Xena

Passeando por um bairro chique da cidade, entrei em um pet shop com uma amiga do interior que queria vacinar sua cadelinha. Há muitos anos não tinha um bichinho, nem ligava mais para animais. A vida corrida de cidadão urbano solteiro não me permitia um amiguinho ou amiguinha em casa. Mas aí, naquele pet dentro de uma espécie de aquário lá estava ela, negra e de olhar fixo, quieta e sempre atenta uma volumosa jiboia constrictor. Como um chamado por aqueles olhos hipnotizantes a levei pra casa. Batizei-a de Xena.

Criei um cenário tropical em meu apê, fechei a varanda e dei-lhe uma casa com pedras, terra, plantas e lâmpadas UV. Confesso que nos frios de julho eu mesmo me fechava com ela no terrário. No início chamava a todos para vir a minha casa e aqueles que não a conheciam, adorava assustar-lhes. Chamavam me de Voldemort. Eu até gostava do apelido. Acho que sempre fui fã de anti-heróis.

Amava tanto a Xena, que muitas vezes não ia a balada para não deixar-lhe só. Acho que ela também me amava, sentia sua felicidade quando eu chegava em casa, ainda mais se trazia algum mimo de comida.

Xena me acompanhava ao lavar a louça, no banho, e já cheguei a levá-la ao shopping, nos expulsaram, não entendi porque. Disseram que assustávamos as pessoas. Juro que pensei em processar, mas Xena me hipnotizava, e me fazia deixar pra lá. Cobras não são vingativas.
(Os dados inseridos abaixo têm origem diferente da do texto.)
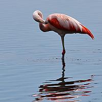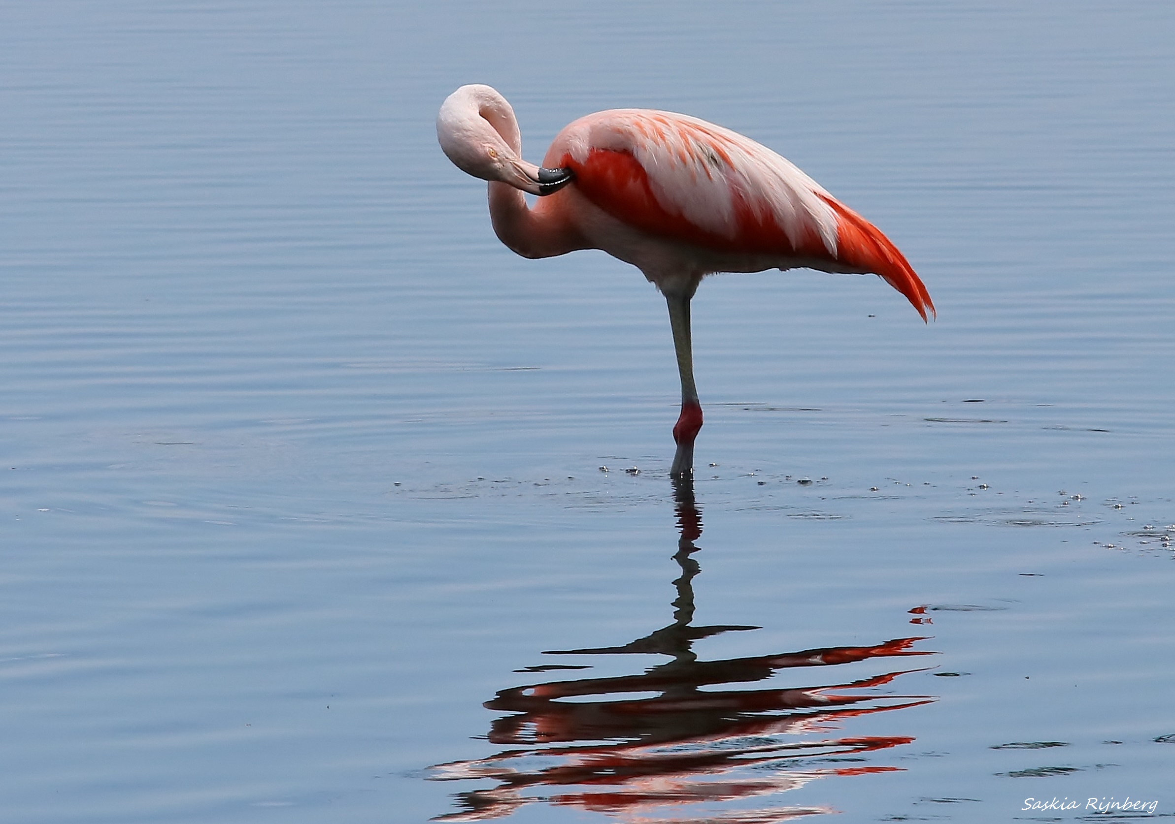 Poetsende Flamingo in het Zwilbrocker Venn in Duitsland.

Em dias de inverno eu a levava ao parque e ficávamos horas no sol. A partir da terceira vez após tantas perguntas dos curiosos, resolvi usar óculos escuros, assim não cruzava com o olhar de ninguém, e não precisava interagir. Ficava assim, meio cobra, parado, olhar fixo. Mas estávamos sempre atentos a tudo e a todos. Quer dizer, ela estava sempre atenta. Uma destas vezes, me surpreendi ao vê-la saltar de meu colo e catar um pássaro que comia no chão. Pela primeira vez a vi selvagem em seu pleno poder de cobra, esmagando o animal e enrolando-se sobre ele como um caracol, engoliu-o inteiro. Senti fascínio e medo ao mesmo tempo.
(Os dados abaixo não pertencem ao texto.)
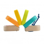 Die farbigen Segmente klappern beim Bewegen angenehm und fördern die sensorische Wahrnehmung sowie die Neugier des Kindes.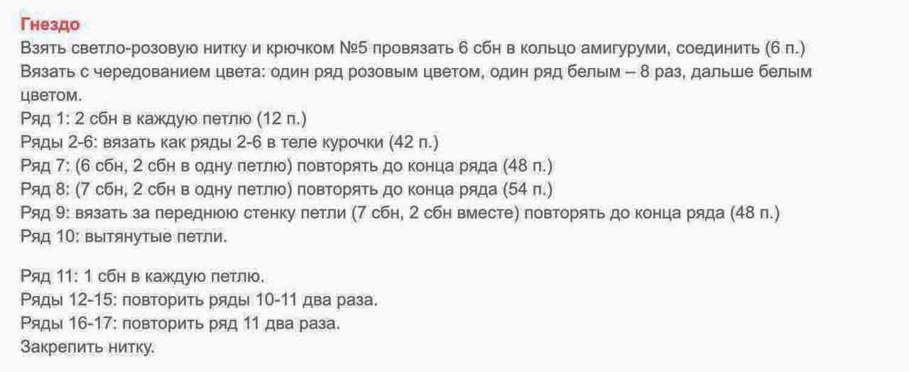 При вязании крючком номер 5 (а следовательно, не из тонких ниток) она получится длиной 20 см и высотой 8. Размер гнезда – 15 см, яичка – 3х4.

Acho que como muitos animais selvagens em cativeiro, Xena não aguentou sobreviver todos os anos que uma cobra sobrevive fora de seu habitat natural. Estava doente, infeccionada com uma pneumonia, teve de partir. Com todo amor que lhe tinha compreendi o fim de nossa relação, e assim ela partiu. Nossa simbiose, homem e cobra se acabou. Encerrei-a em uma pequena caixa e levei-a para a cidade de meus pais nas montanhas, enterrei-a próximo a um resquício de corrégo num resquício de Mata Atlântica daquela cidade. De vez em quando passo por lá, e a vejo hoje como guardiã daquele matagal. Minha Xena, minha princesa guerreira.